I’m not an expert on github actions, but some possible ideas.

  • Running out of RAM on certain runs, causing spurious errors (very likely)
  • Problem with the SCons caching
  • Timing issue with files in the CI and file locks
  • Undefined order of construction / destruction problem, which is revealed by SCU build and the sanitizers

Some things we might try to figure out the culprit:

  • limiting the number of files per SCU (lower RAM)
  • turning off CI caching

Order of construction / destruction

(this is only small chance of being the problem, but worth considering if reader is not familiar)

Order of construction / destruction bugs (usually globals / statics / possibly singletons) can be extremely nasty. These are why many programmers prefer explicit construction / destruction functions for globals rather than relying on constructor / destructor operators - i.e. defined in code rather than determined by the compiler. Whether or not this is causing the problem, we should probably consider having a test for order of construction / destruction in the CI.

This is an achilles heel of C++: order of construction and destruction of globals between translation units is undefined, and it can change from build to build, resulting in bugs on some builds but not in others.

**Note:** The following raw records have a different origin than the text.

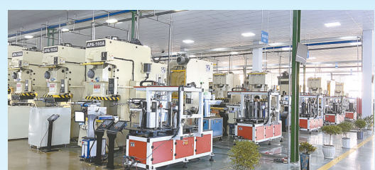
昶屹精密结构件项目: 该项目由昆山市杰尔电子科技有限公司投资建设,当期计划投资10亿元,年产新能源汽车金属结构件1000万件。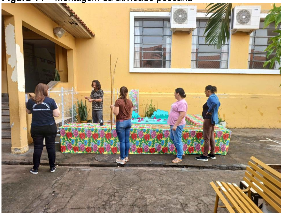
Figura 14 – Montagem da atividade pescaria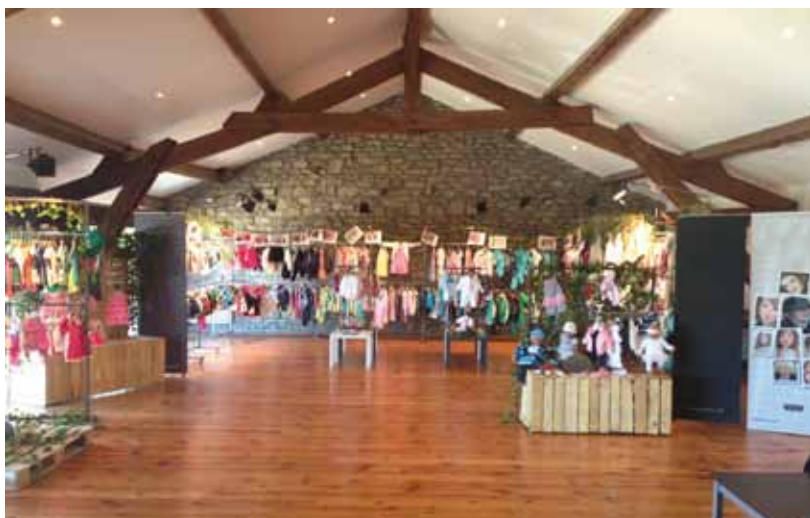
Salle Élégance, version Showroom

Mise à disposition de la Salle et du matériel (vidéoprojecteur, écran, paperboard, sonorisation, accès wifi)

See: https://en.cppreference.com/w/cpp/language/siof https://stackoverflow.com/questions/335369/finding-c-static-initialization-order-problems https://github.com/google/sanitizers/wiki/AddressSanitizerInitializationOrderFiasco

With a SCU build in particular, any globals within the larger translation unit, the order will now be determined by where they appear in the “uber file”, so it can expose existing order of construction bugs.

This is failing on the SCU build, and these errors started after enabling it, so it’s probably related.